Directions for this task
What you write must be the listing below in full, word for word, minus its pictures.

Given information
+ + +

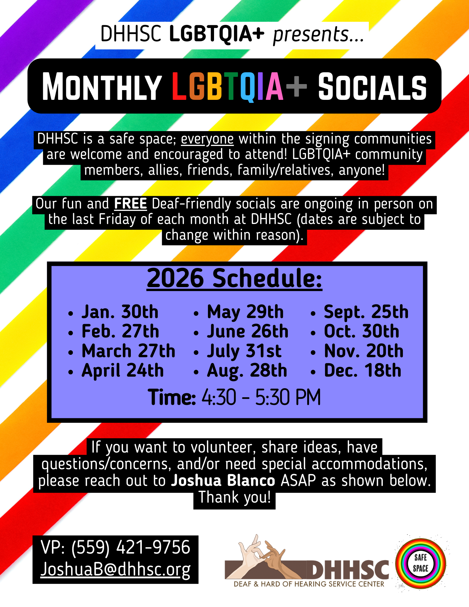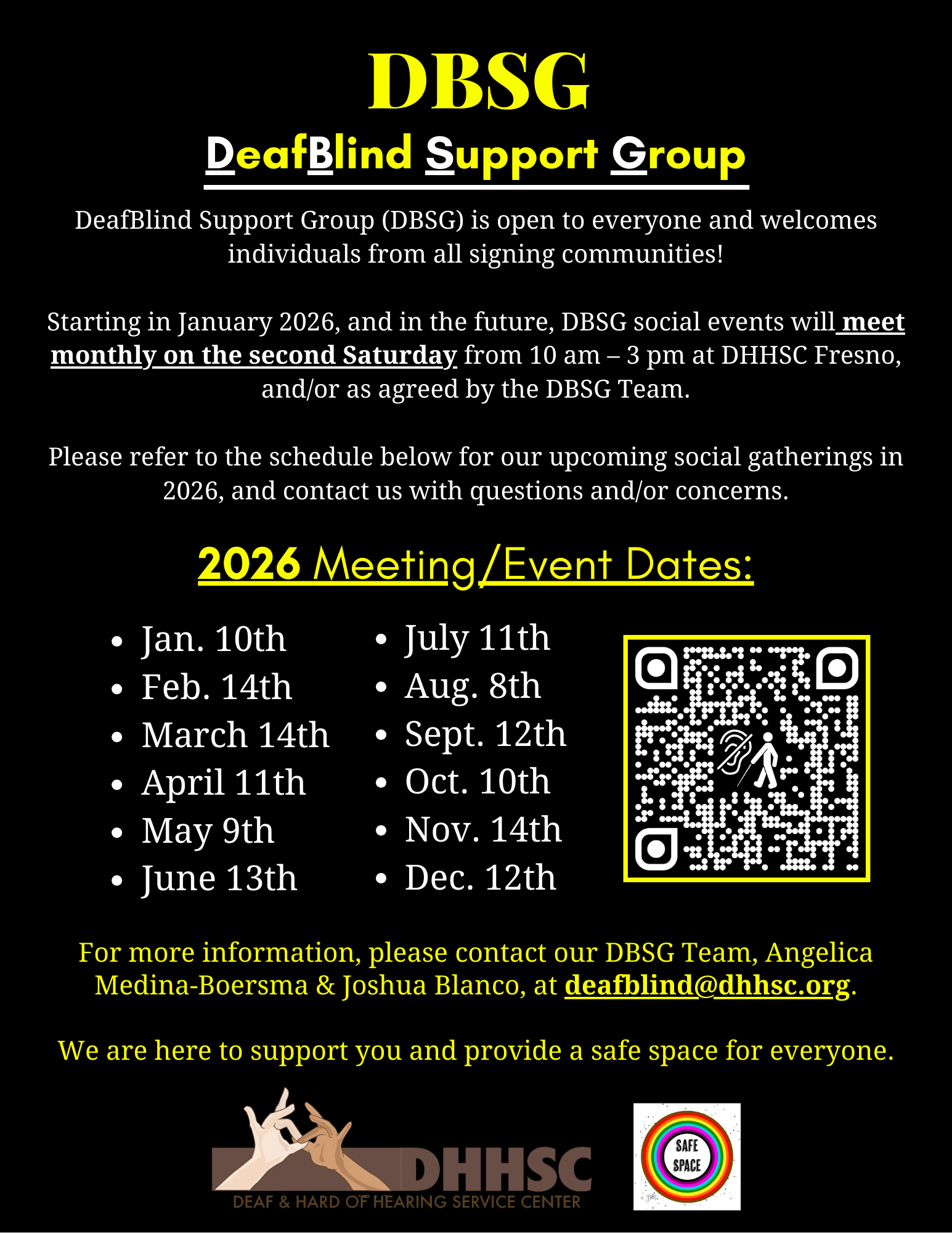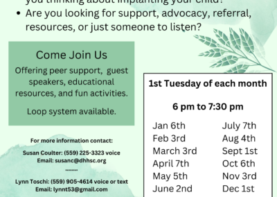 FRESNO EVENTS Events are covered in Fresno County that you can check it out below by clicking to view bigger. PDF formats available to download. Some events have videos with transcripts included, which you can watch here on Facebook, Instagram, or YouTube. ONGOING EVENTS (ENGLISH PDF) (ENGLISH PDF) (WEBSITE) (ENGLISH PDF) What Did You Say Cochlear Implant Support Group DeafBlind Support Group 2026 Monthly LGBTQIA+ Social UPCOMING EVENTS (ENGLISH PDF) January 2025 WFC Workshop
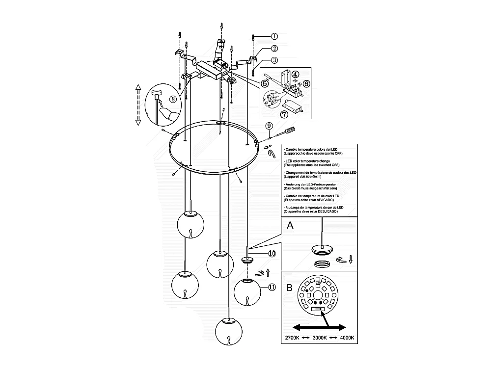 Ariel - Fabas Luce 5-flammige runde Pendelleuchte - 35 W dimmbare LED - Transparente runde Deckenrosette d. 50 cm
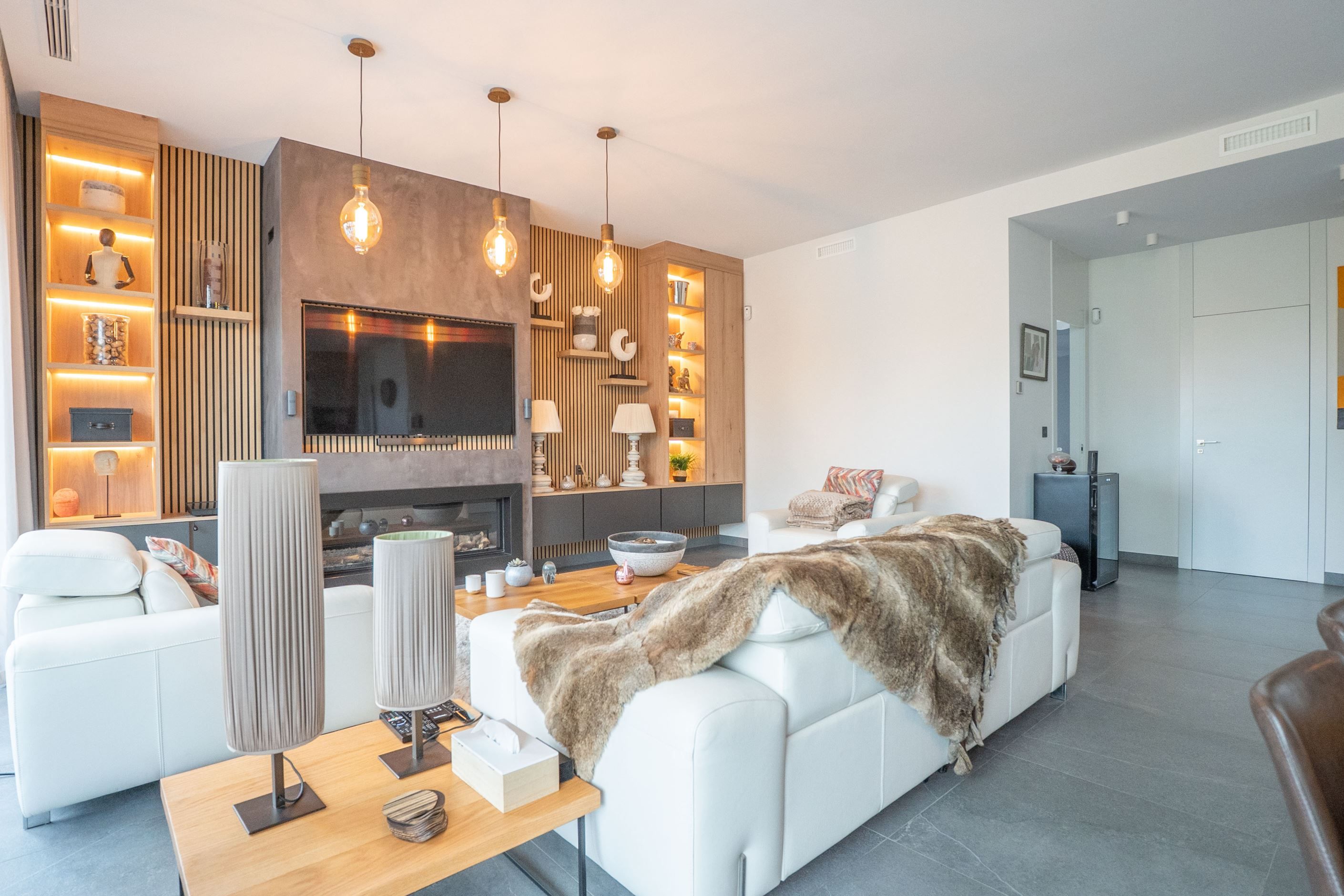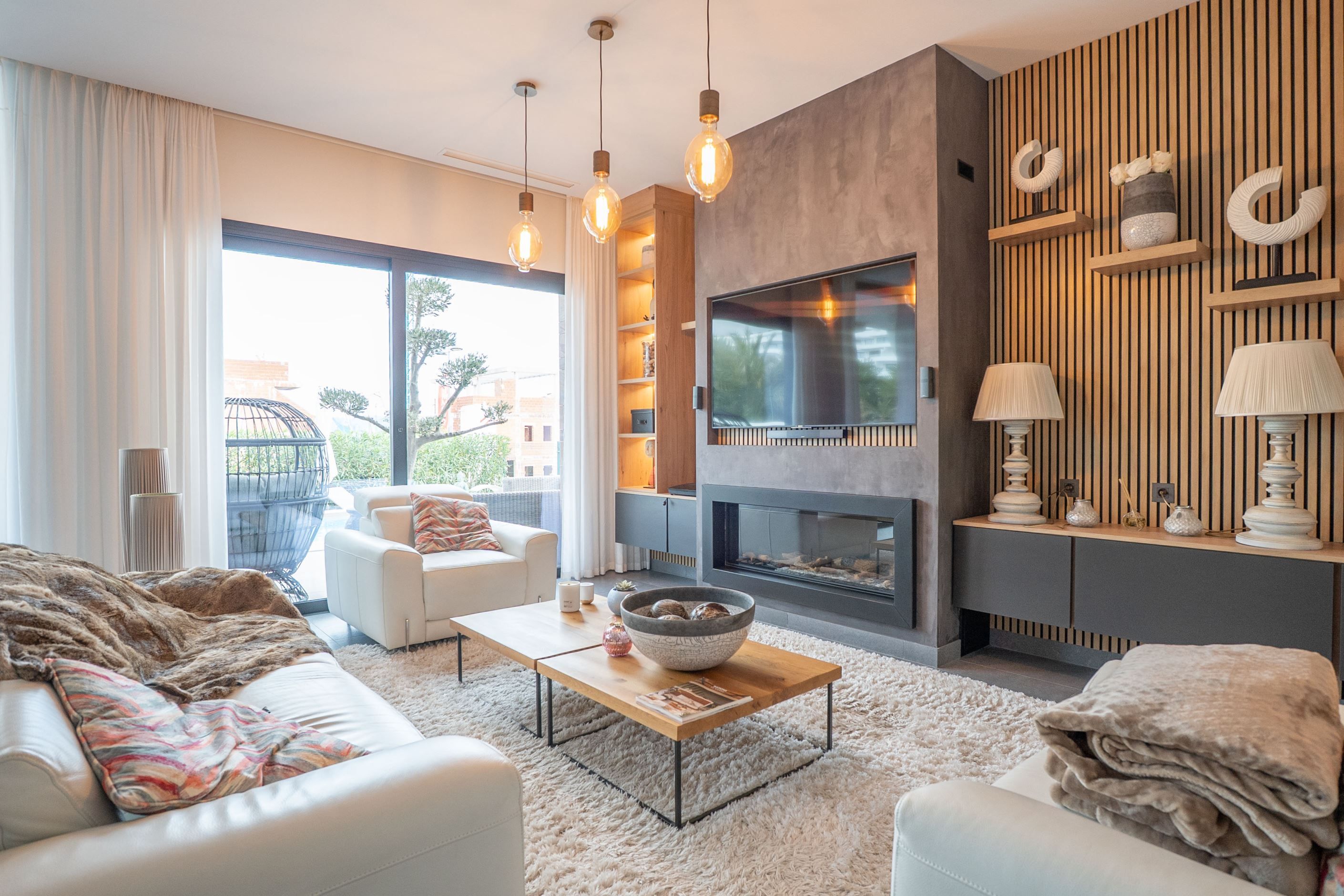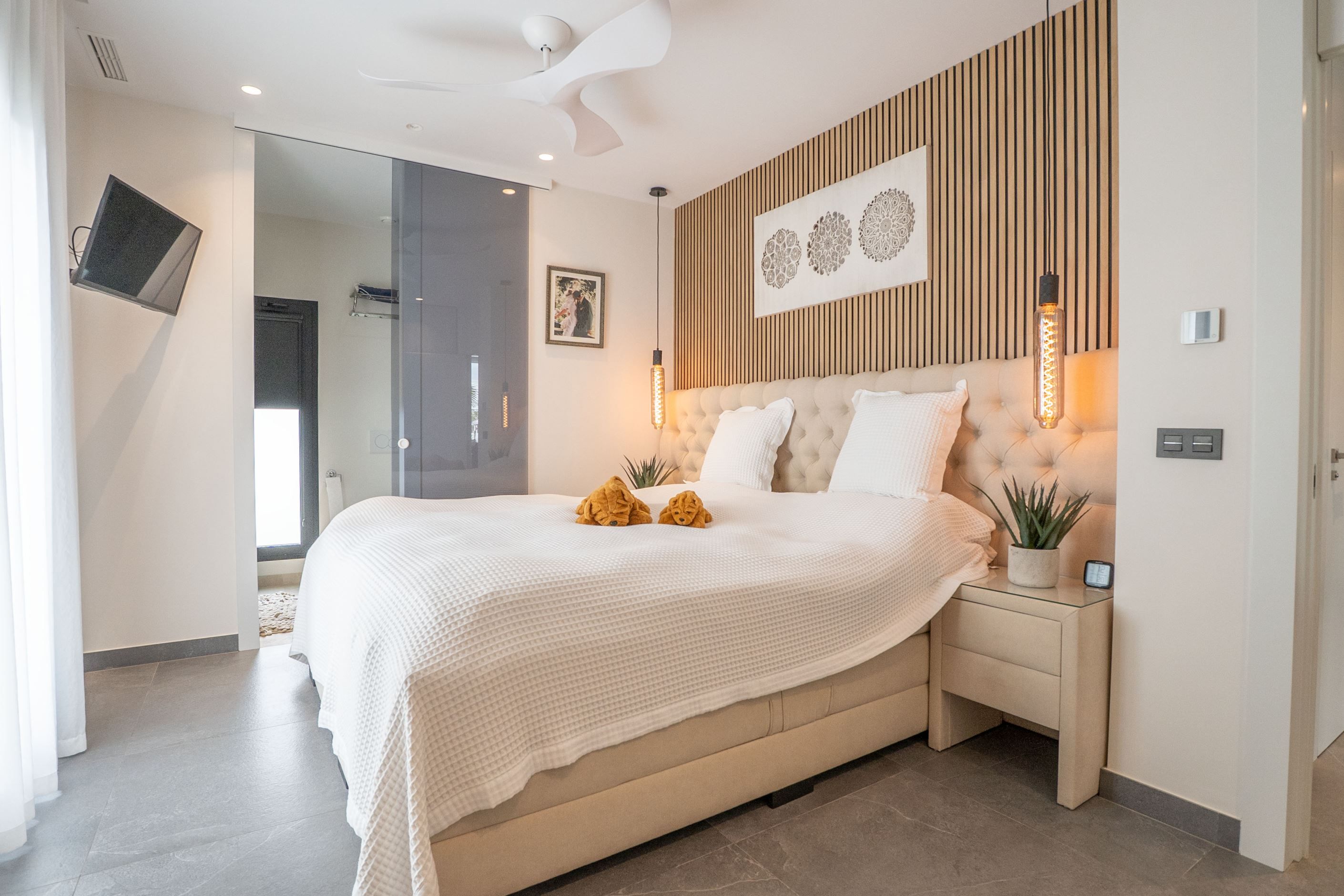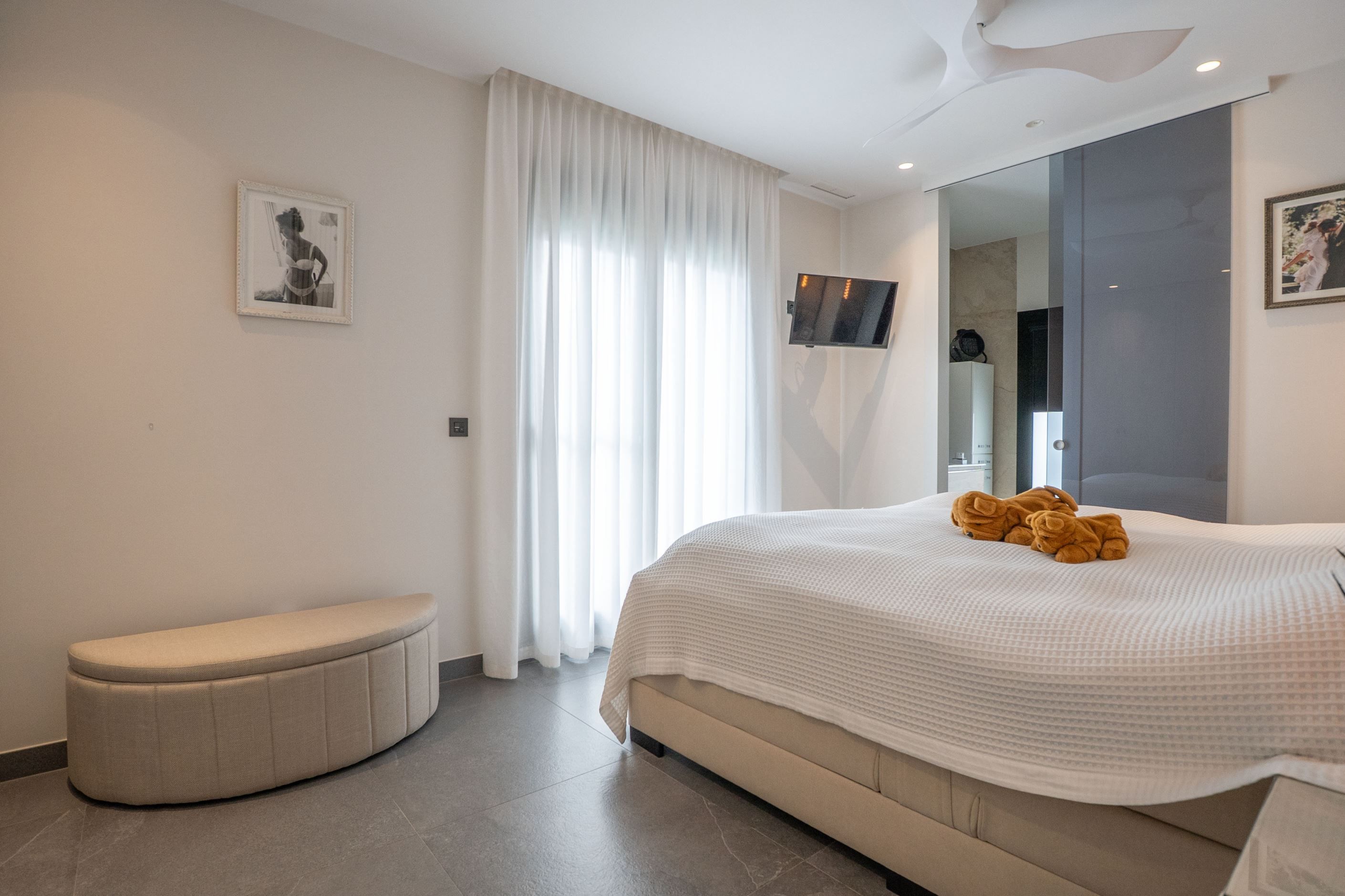 Villan har en funktionell och genomtänkt planlösning med öppna sällskapsytor som integrerar vardagsrum, matplats och ett fullt utrustat modernt kök. Den erbjuder rymliga sovrum med inbyggda garderober samt moderna badrum, utformade för både permanent boende och semesterbruk. Stora fönsterpartier och direkt tillgång till terrasser skapar en naturlig koppling mellan inne- och utemiljö.

+ + +

Completed task
 FRESNO EVENTS Events are covered in Fresno County that you can check it out below by clicking to view bigger. PDF formats available to download. Some events have videos with transcripts included, which you can watch here on Facebook, Instagram, or YouTube. ONGOING EVENTS (ENGLISH PDF) (ENGLISH PDF) (WEBSITE) (ENGLISH PDF) What Did You Say Cochlear Implant Support Group DeafBlind Support Group 2026 Monthly LGBTQIA+ Social UPCOMING EVENTS (ENGLISH PDF) January 2025 WFC Workshop
 Ariel - Fabas Luce 5-flammige runde Pendelleuchte - 35 W dimmbare LED - Transparente runde Deckenrosette d. 50 cm
 Villan har en funktionell och genomtänkt planlösning med öppna sällskapsytor som integrerar vardagsrum, matplats och ett fullt utrustat modernt kök. Den erbjuder rymliga sovrum med inbyggda garderober samt moderna badrum, utformade för både permanent boende och semesterbruk. Stora fönsterpartier och direkt tillgång till terrasser skapar en naturlig koppling mellan inne- och utemiljö.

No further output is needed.